Most bots (24.3%) are “impersonators,” or “bots that assume false identities to bypass security solutions,” according to Dianomi’s report.
“Good” bots are from companies like Google, which click on links to collect information from sites for its search-engine algorithm.
A graphic in Dianomi’s study shows that on average, about 28.9% of clicks on sites are from bad bots, and 22.9% are from the good ones .(The rest are from humans.)
What can publishers do to protect themselves from bots?
The Association of National Advertisers’ bot fraud report states: “Behind every big bot problem, someone is paying a traffic source.”
“When sourcing traffic, publishers should carefully measure the traffic in the same ways that we recommend advertisers do in the report and end relationships with traffic sources that have a high level of bot traffic,” Cabell De Marcellus, Chief Technology Officer at Dianomi, told Publishers Daily.
And what should advertisers do?
“When buying clicks from a publisher or other source, you must carefully measure the amount of robot traffic that may have been delivered,” the study advises. “Like measuring ad viewability of display advertising, measuring the number of robotclicks is critical to achieving ROI on your ad spend.”

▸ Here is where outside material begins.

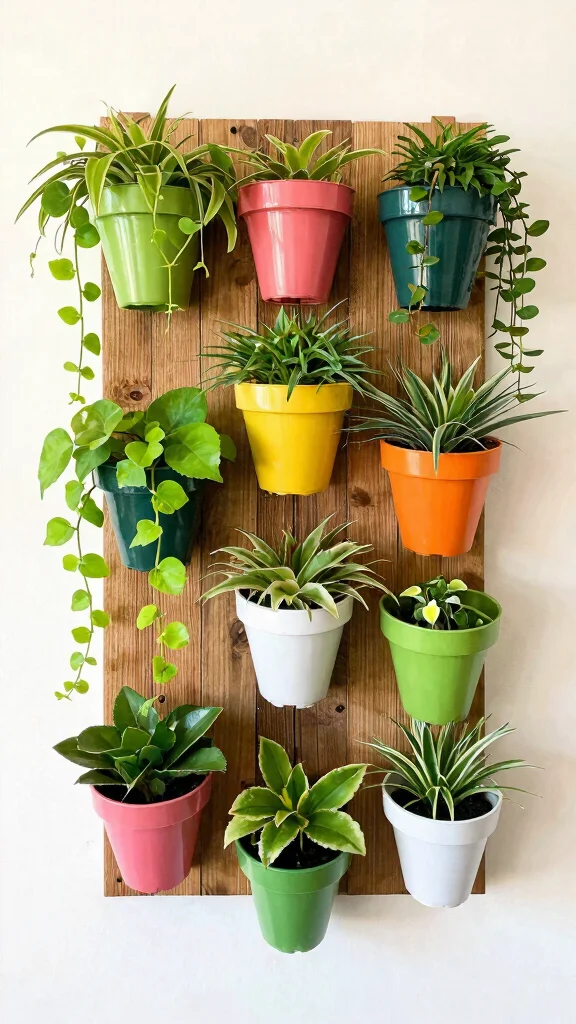 Begin by securing pots to a wooden board or old pallet using screws or brackets. You can either paint them in complementary colors or keep them rustic for a farmhouse vibe. Fill the pots with trailing or climbing plants for a stunning vertical display.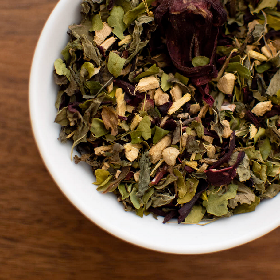 Lemongrass, hibiscus petals, lemon myrtle, peppermint, ginger, licorice root, and spearmint.

A third-party platform like Neustar, DoubleVerify, IAS or MOAT, for example, can analyze clicks and look for tell-tale signs of robot behavior, as well as automatically void clicks coming from high-risk IP addresses, according to the report.
“Ask your ad partners to provide full transparency of the clicks with time, IP address, user agent and other data, and whether they have validated or voided them,” the report added.
To be extra-cautious, advertisers could pass the clicks through a Google captcha for authentication if they look suspicious.